2 Materials and methods
2.1 Participants
The study was conducted in accordance with the Helsinki declaration. The Human Ethics Committee of Shaanxi Provincial Peoples Hospital approved all experimental procedures after receiving informed consent (the ethical committee protocol number: 2022K101).
Seventy-three patients with T2DM were recruited from the Department of Endocrinology of Shaanxi Provincial People’s Hospital, and 57 healthy controls (HCs) matched for age, sex, and education level were obtained from our health examination center. All the participants were between 40 and 70 years of age, right-handed, and educated for at least six years. The T2DM patients met the standard criteria proposed by the American Diabetes Association (18) and without a history of hypoglycemia or hyperglycemia.

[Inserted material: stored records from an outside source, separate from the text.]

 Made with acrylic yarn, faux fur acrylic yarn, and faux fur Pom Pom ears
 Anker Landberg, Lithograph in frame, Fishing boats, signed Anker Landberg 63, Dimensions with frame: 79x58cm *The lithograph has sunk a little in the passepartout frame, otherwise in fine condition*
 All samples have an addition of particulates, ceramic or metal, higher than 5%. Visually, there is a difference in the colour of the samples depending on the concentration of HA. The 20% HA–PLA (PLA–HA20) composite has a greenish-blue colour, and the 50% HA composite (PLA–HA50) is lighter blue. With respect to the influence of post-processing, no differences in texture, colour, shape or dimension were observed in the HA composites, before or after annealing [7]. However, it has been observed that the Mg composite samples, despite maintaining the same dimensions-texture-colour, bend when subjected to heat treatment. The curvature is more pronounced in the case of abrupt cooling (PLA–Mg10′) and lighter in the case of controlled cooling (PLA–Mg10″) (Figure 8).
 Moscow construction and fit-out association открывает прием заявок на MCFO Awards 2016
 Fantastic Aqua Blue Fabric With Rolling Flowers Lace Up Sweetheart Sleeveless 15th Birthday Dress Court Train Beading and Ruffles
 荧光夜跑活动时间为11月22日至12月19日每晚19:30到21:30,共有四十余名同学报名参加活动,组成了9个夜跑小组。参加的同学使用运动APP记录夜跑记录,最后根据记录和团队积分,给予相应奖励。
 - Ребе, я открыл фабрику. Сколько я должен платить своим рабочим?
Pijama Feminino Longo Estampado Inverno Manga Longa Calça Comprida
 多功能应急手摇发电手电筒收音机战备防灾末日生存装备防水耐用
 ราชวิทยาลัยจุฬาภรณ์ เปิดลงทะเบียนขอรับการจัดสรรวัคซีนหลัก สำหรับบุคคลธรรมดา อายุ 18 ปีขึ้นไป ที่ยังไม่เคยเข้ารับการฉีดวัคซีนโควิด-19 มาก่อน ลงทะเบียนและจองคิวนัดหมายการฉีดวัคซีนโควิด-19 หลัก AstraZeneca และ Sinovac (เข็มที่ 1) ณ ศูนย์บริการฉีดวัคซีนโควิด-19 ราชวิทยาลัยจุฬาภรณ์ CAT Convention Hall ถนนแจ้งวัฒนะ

The other inclusion criteria in the HC group were as follows: (1) no symptoms or a family history of diabetes; (2) fasting glucose < 7.0 mmol/L; and (3) glycosylated hemoglobin A1c (HbA1c) level < 6.0%. The exclusion criteria for both groups were as follows: (1) history of neurological disorders, such as cerebral infarctions, brain tumors, vascular malformations, or traumatic brain injury; (2) illicit substance abuse, alcohol abuse, or psychiatric disorders; (3) any other systemic disease irrelevant to diabetes and affecting cognition; (4) periventricular or deep WM hyperintensities with a Fazekas score > 1 on T2-weighted fluid-attenuated inversion recovery (FLAIR) images; and (5) inability to complete MRI examinations or unsatisfactory MRI images.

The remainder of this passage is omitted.